Must there be INFINITE negative elements on a succession which is NOT bounded below?

Question

We have that $\{a_n\}_{n\in N}$ is a succession of real numbers that is NOT bounded below.

(1) Must all the elements of $a_n$ be negative?

(2) If there are positive elements, those must be finite?

(3) Must there be INFINITE negative elements?

To answer 1 and 2 I find a succession that is not bounded below, that has infinite positive elements:

$$\{a_n\}_{n\in N}=\{-1,2,-3,4,-5,6,...\}$$ $$a_n=n(-1)^n$$

Which is not bounded (below), and has infinite positive and negative elements.
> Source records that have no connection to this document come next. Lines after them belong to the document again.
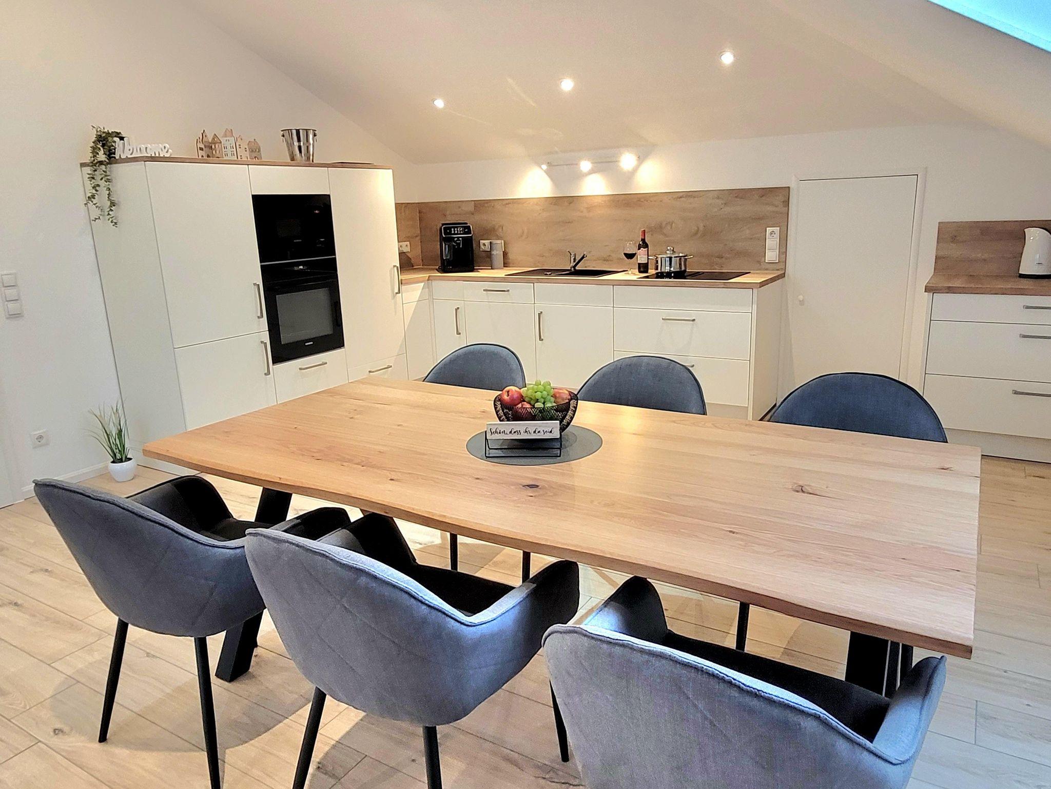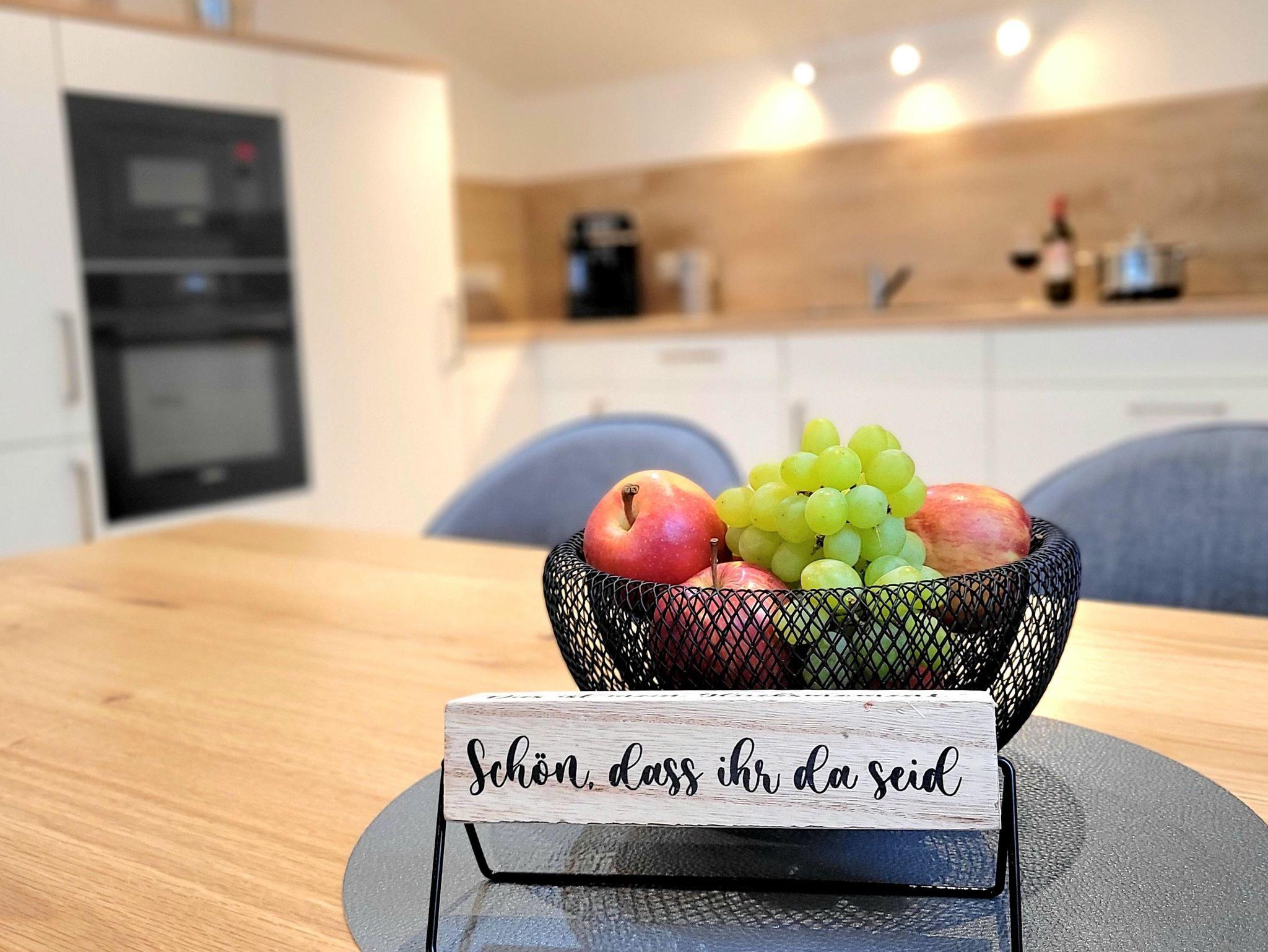 Die Küche lässt mit Kaffeevollautomat, Induktionskochfeld, Kühlschrank mit Gefrierfach, Backofen, Mikrowelle, Spülmaschine usw. keine Wünsche offen.
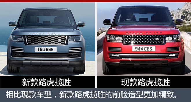 揽胜 (配置|询价)是路虎旗下的一款中大型SUV,拥有出色的操控性及宽敞舒适的内部空间。近日,网通社从路虎官方获得了一组新款揽胜的图片,此次推出的车型中包括了新款揽胜、新款揽胜SV Autobiography以及新增的揽胜P400e长轴距版。外观方面,新车整体造型相比现款车型变化并不是很大,但在细节方面则是进行了全新的升级。据了解,新车预计将于2018年3月在中国市场正式推出。接下来,我们就一起来通过对比看看新款揽胜都有哪些改变。
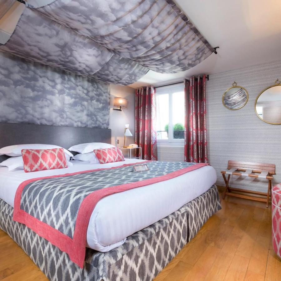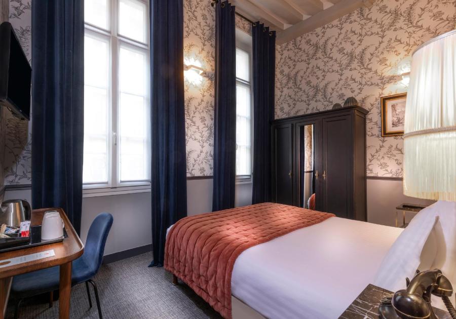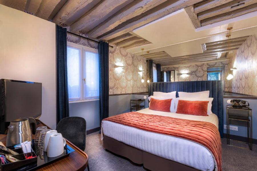 The rooms exude an intimate atmosphere, characterized by warm tones, refined fabrics, and classic-inspired furniture. Some feature exposed beams or offer unobstructed views of Parisian rooftops, adding an extra touch of authenticity sought by so many travelers. The carefully selected bedding ensures restful nights, while soundproofing preserves tranquility in this central environment.
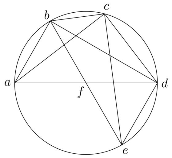 | Keywords: Coppernicus 009.svg de à ber die Kreisbewegungen der Weltkörper 9 File Kreisbewegungen-Coppernicus-0 djvu p 35 1879 w Nicolaus Copernicus File Coppernicus9 png PD-old-100 De revolutionibus drawings LaTeX Source Code <syntaxhighlight lang latex > complile with »pdflatex« \documentclasstikz convert pdf2svg standalone \begin document \begin tikzpicture \draw 0 0 circleradius 2; \pgfmathsetmacro \BFA 120 ; \coordinate A at 180 2 ; \coordinate B at \BFA 2 ; \coordinate C at 75 2 ; \coordinate D at 0 2 ; \coordinate E at \BFA-180 2 ; \draw A -- B ; \draw B -- C ; \draw C -- D ; \draw D -- E ; \draw A -- C ; \draw A -- D ; \draw B -- D ; \draw B -- E ; \draw C -- E ; \draw A + 180 0 2 node a ; \draw B + \BFA 0 2 node b ; \draw C + 75 0 2 node c ; \draw D + 0 0 2 node d ; \draw E + \BFA-180 0 2 node e ; \draw 0 0 + \BFA/2-180 0 3 node f ; \end tikzpicture \end document </syntaxhighlight> |
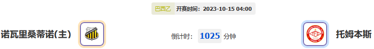 北京时间10月15日04点00分,2023巴西乙联赛第32轮的一场比赛,诺瓦里桑蒂诺将坐阵主场迎来托姆本斯的挑战。托姆本斯本季战绩不佳,目前深陷降级的危机当中,本轮作客排名积分榜前6的诺瓦里桑蒂诺,在往绩交锋方面并不落下风的他们,能否逃过一劫,让小女子为各位小伙伴们一一解答。
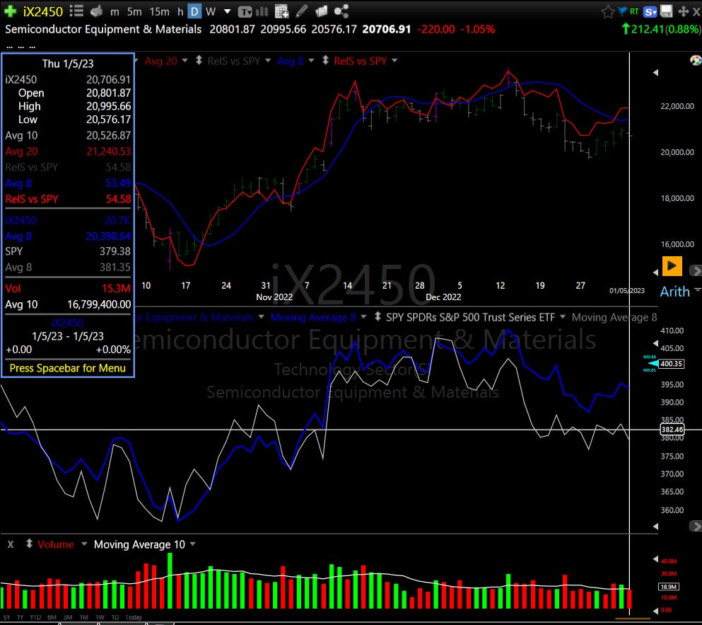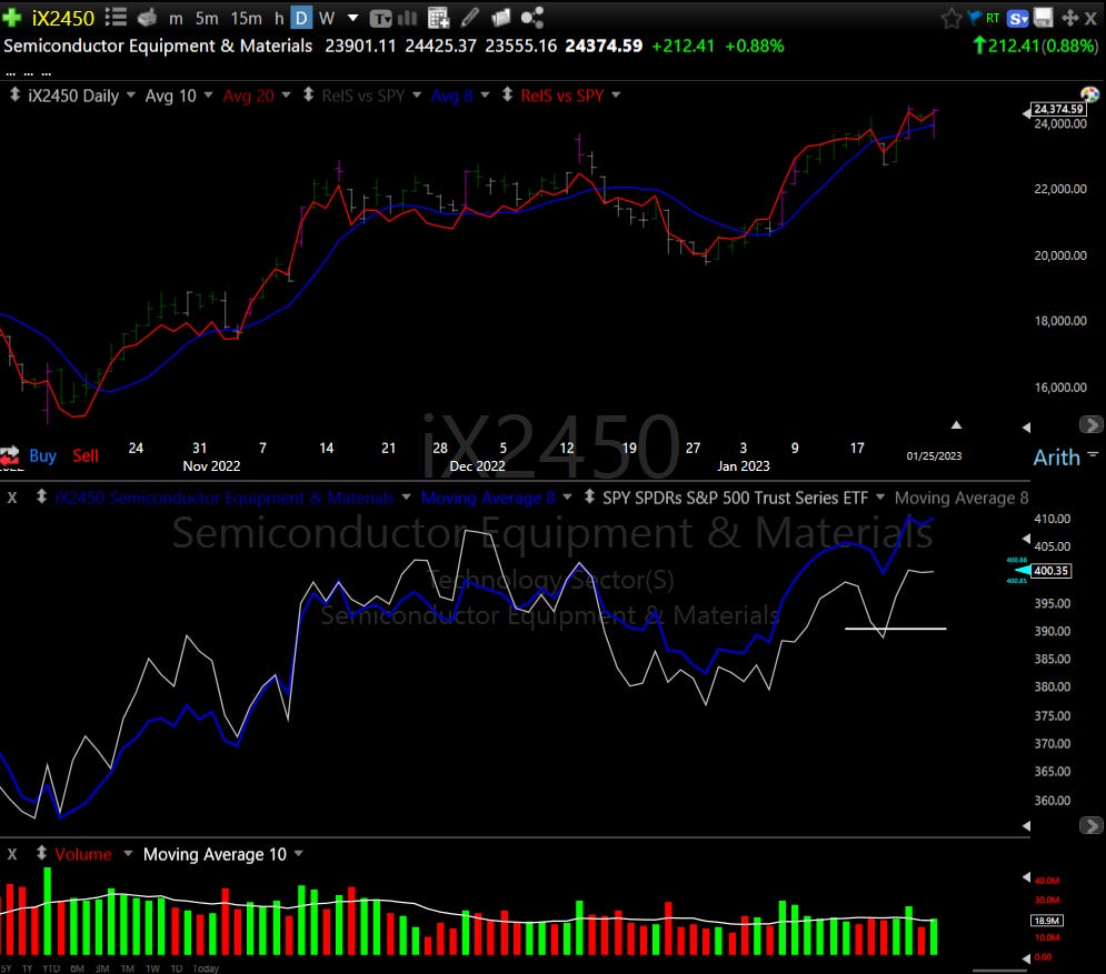Second watch higher beta industry groups (cycs and tech even more, in this example it is semiconductor equipment, here the chart template: https://www.tc2000.com/~XSmp5h):
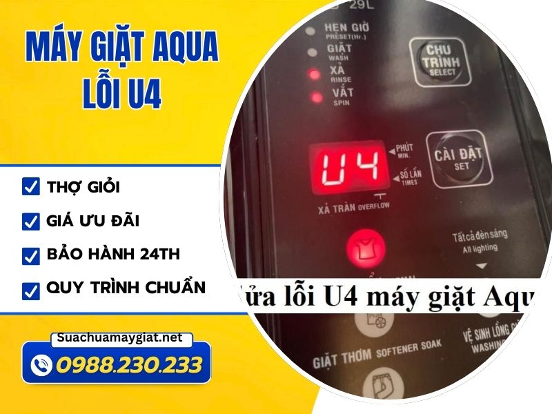 Khi sử dụng máy giặt Aqua, nhiều khách hàng phản ánh gặp tình trạng máy giặt Aqua lỗi U4 khiến thiết bị dừng hoạt động giữa chừng. Trong bài viết dưới đây, Suachuamaygiat.net – ☎️ 0988.230.233 sẽ phân tích chi tiết nguyên nhân máy giặt Aqua lỗi U4, cách xử lý cũng như dịch vụ sửa chữa uy tín mà bạn có thể tin tưởng.
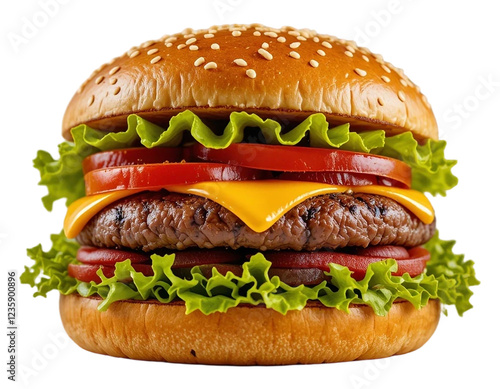 Tasty Hamburger with Cheese, Beef, Lattos, Onion, and Tomato Isolated on Transparent PNG Background.
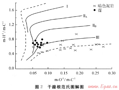 干酪根元素是劃分有機(jī)質(zhì)類型的重要指標(biāo),對(duì)雞西泥巖和煤巖進(jìn)行元素分析,原子比值統(tǒng)計(jì)暗色泥巖H/C為0.30~0.9,O/C為0.04~0.34;煤H/C為0.52~0.79,O/C為0.05~0.09;在范氏圖解中反映主要為腐殖型干酪根,部分為含腐泥的腐殖型,也反映主要以生氣為主[4](圖2)。
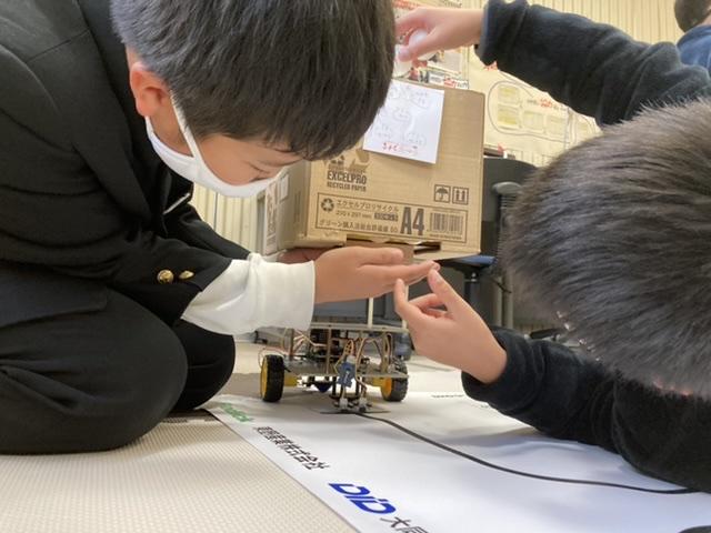 6年生では、micro bitを使ったロボットを作りました。このロボットできもだめしを企画しているそうです。
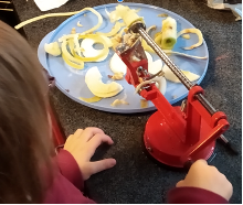 Übrigens – die Apfelschälmaschine war dabei das Highlight – meine beiden Enkeltöchter (2 und 3 Jahre alt) konnten gar nicht genug kriegen.
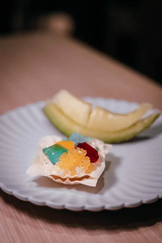 甜品是琥珀糖和柚子撻。琥珀糖外脆內軟,柚子撻酸甜解膩,作為結尾恰到好處。
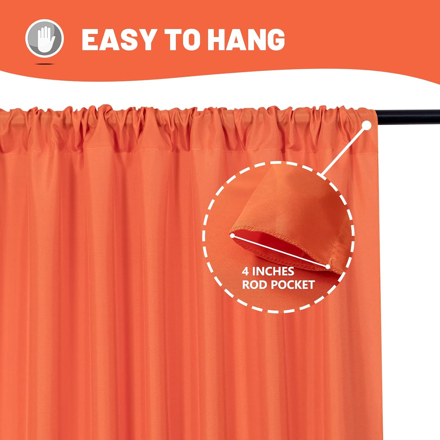 MYSKY HOME Orange Backdrop Curtains for Parties, Weddings, Stage - Light Filtering, Sliding Drapes, 5ft x 10ft, 2 Panels
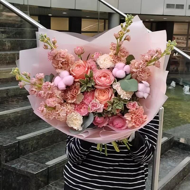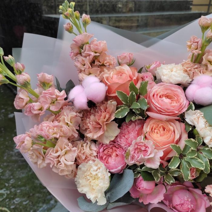 Маттиола – 5 шт.Роза – 3 шт.Роза кустовая – 1 шт.Роза кустовая пионовидная – 1 шт.Диантус – 6 шт.Эвкалипт – 1 шт.Питтоспорум – 1 шт.Хлопок – 3 шт.Упаковка дизайнерская – 2 шт.Лента атласная – 2 шт.
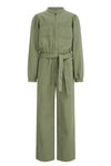 Normal geschnittener Jeans-Overall aus Baumwolle mit zwei Brusttaschen, Reißverschluss und Gürtel. Das Modell hat einen normalen Kragen, lange Ärmel und gerade Beine.
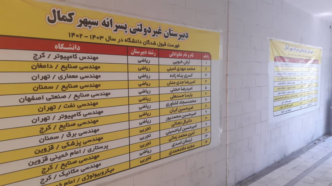 متوسطۀ دوم پسرانه سپهر کمال (پایههای دهم، یازدهم و دوازدهم) ، ( رشتههای: ریاضی فیزیک، علوم تجربی و انسانی)

Now, the third question I'm not sure how to prove that there MUST be infinite negative elements on a succession which is not bounded below.

What I thought of until now:

$\{a_n\}_{n\in N}$ Is not bounded below, then, by definition:

$\nexists m\in R , \forall n\in N : a_n \geq m$

This means that there will always be an item on the succession that is smaller than a previous item:

$\forall n\in N , \exists k\in N : a_{n+k}\leq a_n$

And as $N$ is not bounded, the items smaller than the previous one are infinite?

Answer 1

$(a_n)_{n \in \mathbb{N}}$, real, is not bounded below.

Assume that there are only finitely many negative elements of $(a_n)_{ n\in \mathbb{N}}$:

$a_{n_1}, a_{n_2},.......a_{n_k}$, i.e. $k$ elements.

The smallest of these elements is a lower bound for $(a_n)_{ n \in \mathbb{N}}$.

A contradiction.

Answer 2

You proved correctly the first two assertions.

Asserting that the sequence is not bounded below means that$$(\forall M\in\mathbb R)(\exists n\in\mathbb{N}):a_n<M.$$So, take $M=0$. There is some $n_1\in\mathbb N$ such that $a_{n_1}<0$. But $a_{n_1}\in\mathbb R$. So, there is some $n_2\in\mathbb N$ such that $a_{n_2}<a_{n_1}<0$. And so on. So, each $a_{n_k}$ is negative.